Lily currently supports 4 basic data types: symbols, functions,
numbers, and lists.  These data types are represented as C++ classes
derived from a single base class as shown in figure 3.  The LObject
(Lily Object) class encapsulates a Base object.  Users of the Lily
library work only with instances of the LObject class.  All the other
classes shown in the hierarchy are internal to Lily.  The LObject and
Base class work together to provide a transparent garbage collection
mechanism -- more on this later.  The Base class takes care of
reference counting and error handling.  The Cons class provides
heterogeneous lists.  The empty list, nil, is an instance of class
Null which is derived from the Cons class.  The Real and Integer
classes provide floating point and integer numbers.  The Symbol class
provides strings.  (In Lisp symbols serve as both data and variables
whereas in Lily symbols serve as data and LObjects are variables.)
Logical true, t, is an instance of the class special_Symbol which is
derived from class Symbol.  Function objects are specialized Symbols with an
additional data member for a pointer to a function.

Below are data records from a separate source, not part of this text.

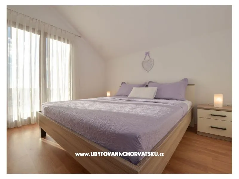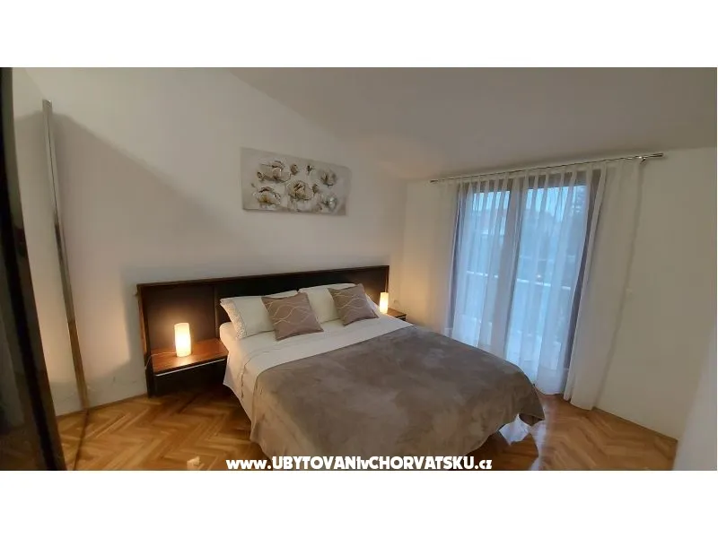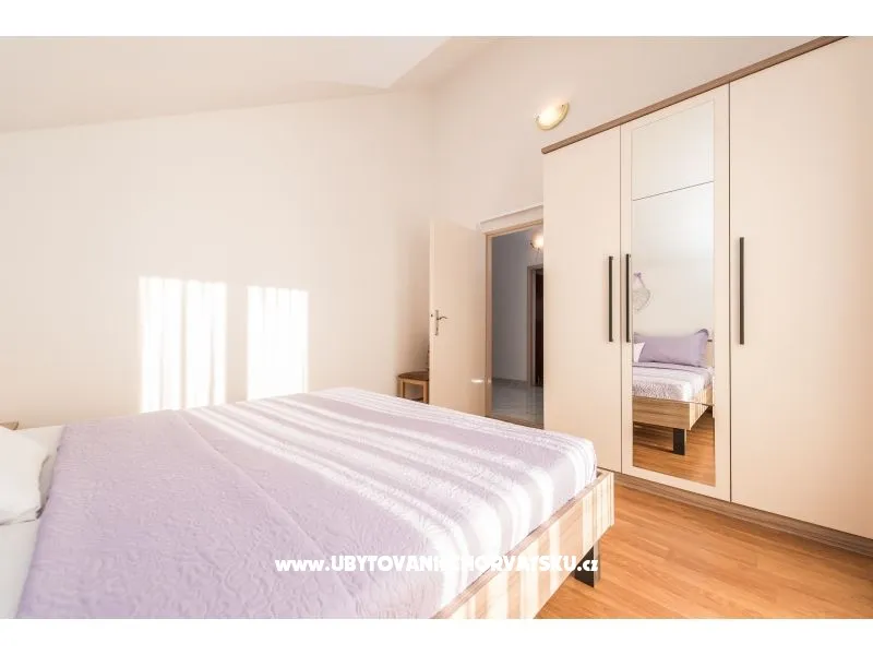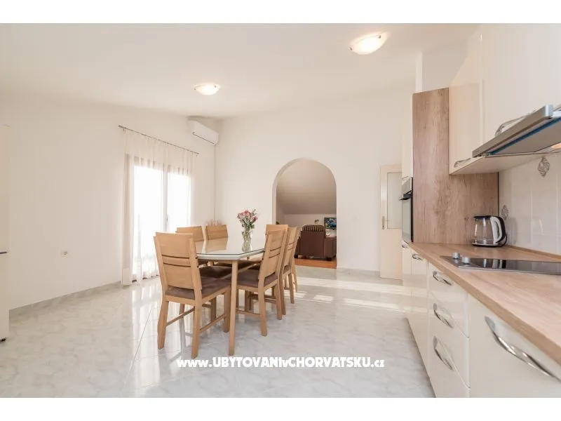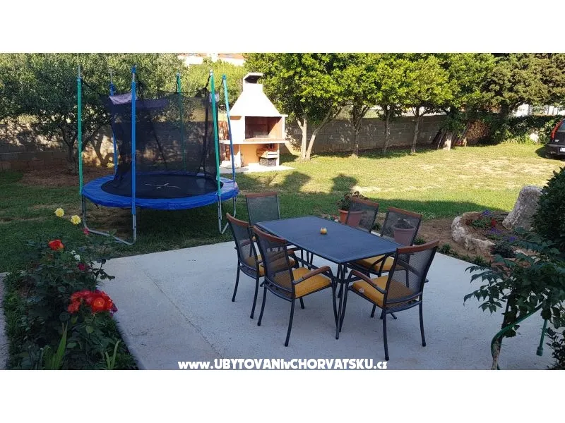 Air-conditioned apartment on the second floor of the family house with common entrance (120m2).WIFI, 3 bedrooms(each bedrrom has its own AC), fully equipped kitchen with dishwasher, fridge,freezer,owen,microwave owen, kettle, coffe machine, living room, bathroom, extra toilet, 3 terraces 2 of them with sea views. The apartment is surrounded by a large courtyard ideal for children, with garden and garden shower and a large parking lot.
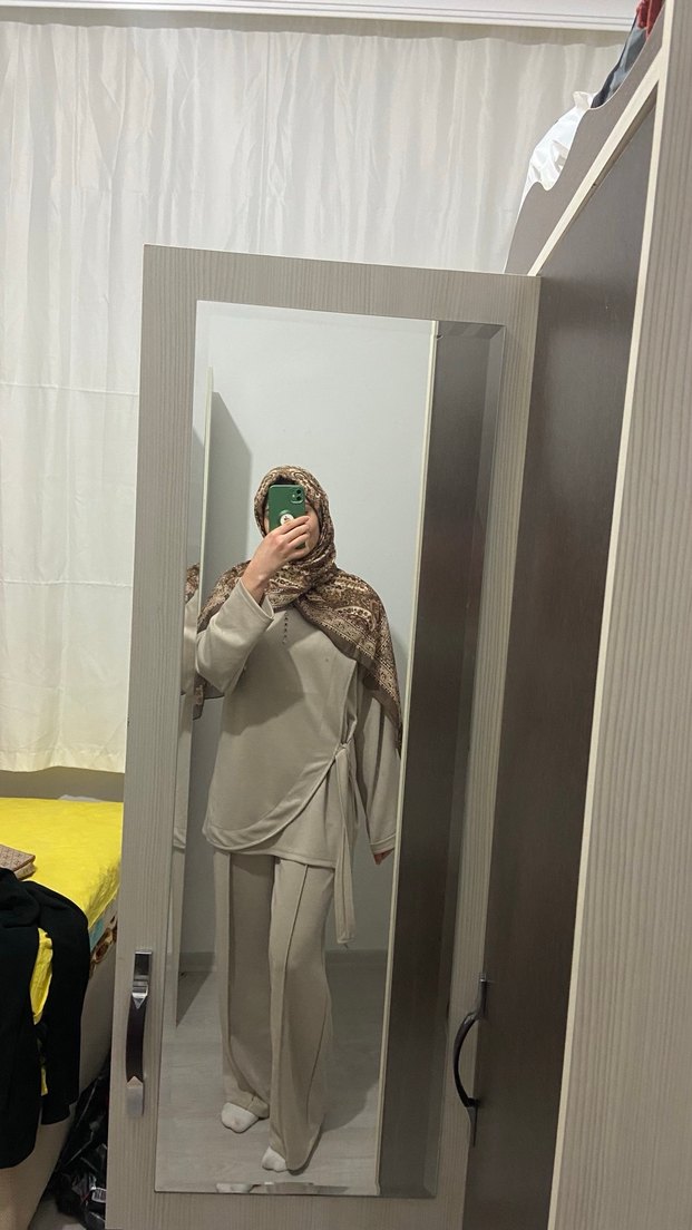 Kadınlar için bol kesim, uzun boylu, ipeksi ve şeffaf kumaştan gri takım. Yüksek yakalı, uzun kollu, minimal desensiz günlük sokak stili takımı. Sadece bir kez denendi bana bol geldiği için satıyorum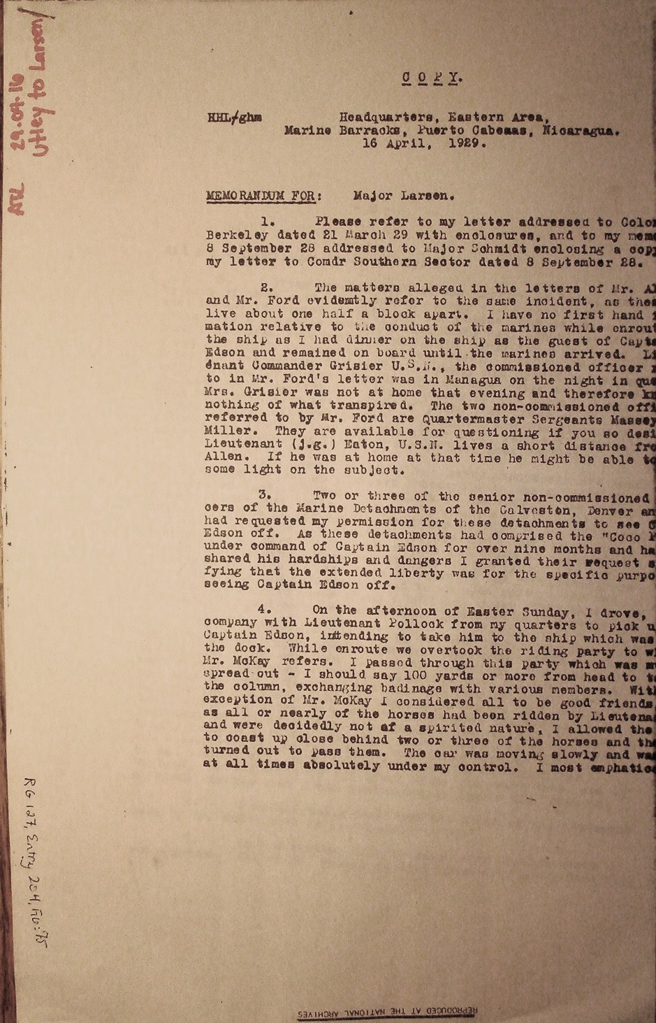 Henry L. Larsen, Managua, to General
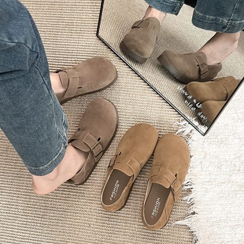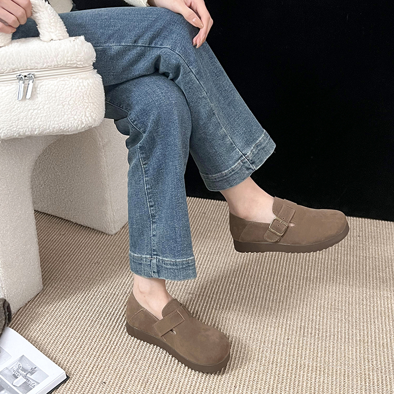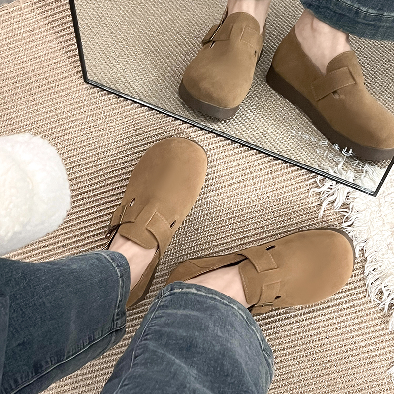 平底博肯单鞋 牛皮材质勃肯鞋 厚底豆豆鞋 一脚蹬女鞋 女2025春秋新款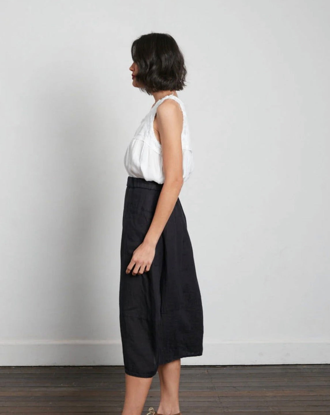 Our midi-length tulip skirt is made from light-weight linen and featured a flat front elasticated waistband for ultimate comfort. We love it with a tucked in t-shirt or blouse, trainers, chunky sandals or a boot for winter. This versatile piece is perfect for 12 months of the year.

                        - - -LObject- - -
                        |     Base      |
                        - - - -|- - - - -
                               |
                  ----------------------------
                  |        |        |        |
                 Cons     Real   Integer   Symbol
                  |                          |
                 Null                -----------------
                                     |               |
                               special_Symbol     Function

                     Figure 3.  Lily Class Hierarchy.


In the remainder of this section we will explore the all the internal Lily 
classes.  The next section will describe how the LObject class works.

2.2 Base Class
--------------

The Base class defines virtual functions for all the possible Lily (Lisp)
functions:

  class Base {
  protected:
    short   refs;       // number of references to this object
  public:
    Base()                                  { refs = 0; }
    virtual ~Base()                         { }
    virtual operator    int();  // conversion for logical expressions
    virtual Base &      Atom()              { return *t.value; }
    virtual Base &      Car()               { DE; return *nil.value; }
    virtual Base &      Cdr()               { DE; return *nil.value; }
    virtual Base &      Copy()              { DE; return *nil.value; }
    virtual Base &      Copy_list()         { DE; return *nil.value; }
    ...
  };

Where DE is #defined as:

  #define DE cerr << "ERROR: " << __FILE__ << " line: " << __LINE__ << "\n"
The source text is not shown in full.